Stephen Smith, executive director of the Southern Alliance for Clean Energy, said the merger could be a good thing if NextEra is responsible to customers and continues to expand its renewable energy portfolio. He noted NextEra’s status as the largest renewable energy developer in the country, but he also had concerns about the growing weight of the utility’s political influence, especially in Florida.
”You’re making a very large utility that has a tremendous amount of financial resources, a tremendous amount of political power, and that does not always bode well for ratepayers,” he said. “The more political power that a utility has, the more probable it is that they will use that power to the disadvantage of ratepayers.”

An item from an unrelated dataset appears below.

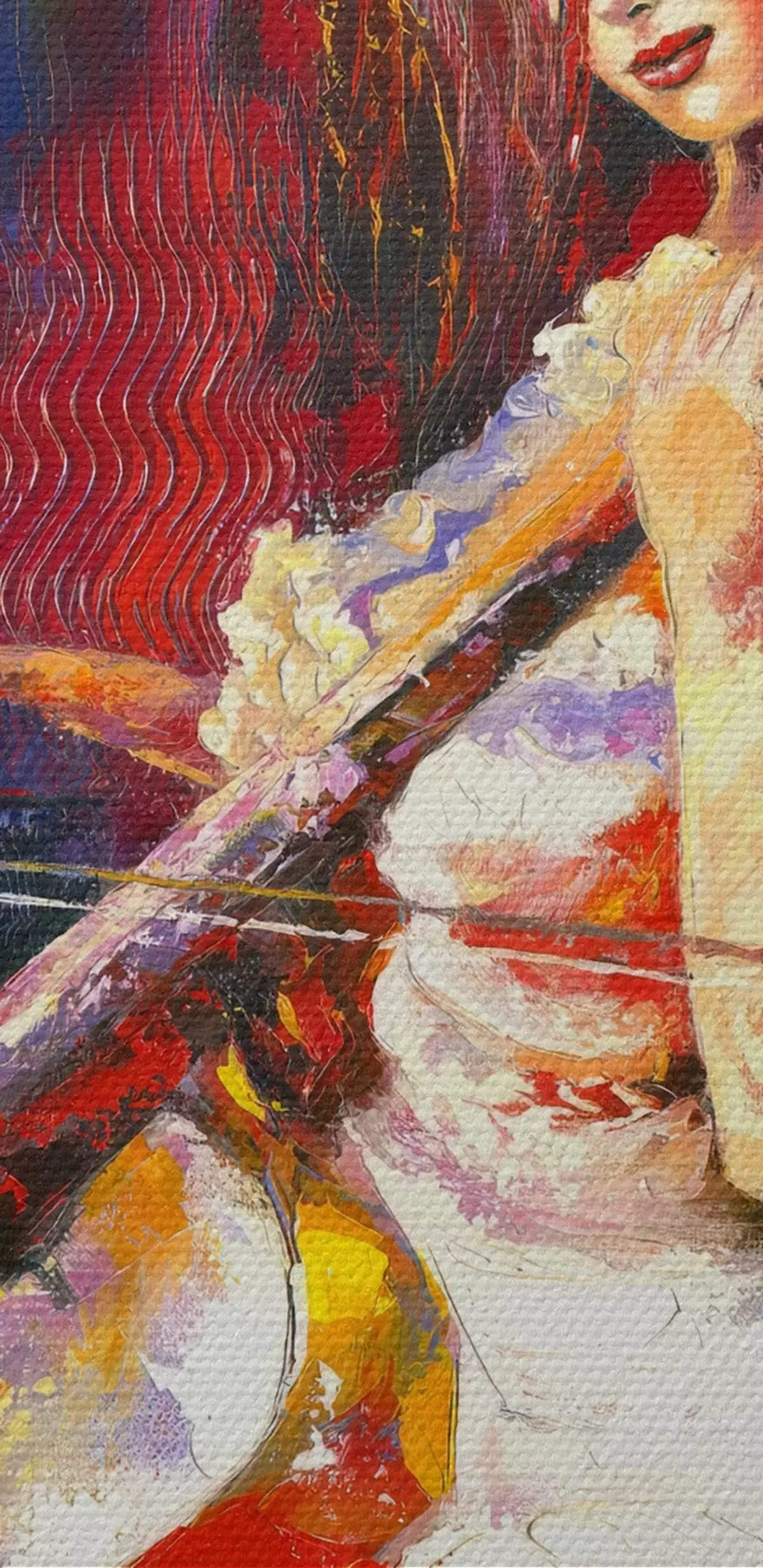 Het schilderij kan direct na ontvangst worden opgehangen. Het schilderij wordt opgespannen op een 2 cm breed houten spieraam.

Smith cautioned that the merger should not be viewed as a done deal. NextEra has attempted to acquire other utilities in the past and failed, including aborted talks with Duke Energy in 2020.
“Their track record in acquisitions is not really that great,” he said. “Going after Dominion is the biggest fish that they have tried to reel in.”
Virginia’s Laws Would Still Apply
Despite those worries, Dominion and its out-of-state parent company would still need to follow Virginia’s laws and regulations, said William Shobe, a research professor emeritus of public policy at the University of Virginia.
“The regulations don’t mention Dominion, they mention the utility that covers Dominion’s footprint, whatever its name is,” he said.
Those laws include the Virginia Clean Economy Act, the state’s 2020 law seeking to decarbonize its grid by 2050, and the recently passed legislation increasing Dominion’s battery storage development targets.
If anything, NextEra’s track record as a leader in solar and wind power could “bleed” into the Dominion culture that “has not been super aggressive about adding non-emitting technology,” Shobe said.


Acquiring Dominion is appealing to NextEra Energy, he said, because Virginia has a friendly policy environment to build grid infrastructure, a strong profit margin and a booming data center market. NextEra said the merger creates a pipeline of 130 gigawatts worth of demand from data centers, which critics say are speculative, and a chance to more than double generation capacity to 225 gigawatts by 2032.
In November, state regulators approved a $7 billion rate hike for Florida Power & Light. Consumer groups characterized the rate hike, which faces a legal challenge in state court, as the largest in U.S. history.
Bradley Marshall, a senior attorney at Earthjustice, said the rate hike positioned NextEra financially to pursue the merger.
“In the past, when we see utilities become even more powerful, we’ve seen bills go up even further,” he said. “Consumers need to be informed about what’s happening and ensure that keeping bills from going up is a priority.”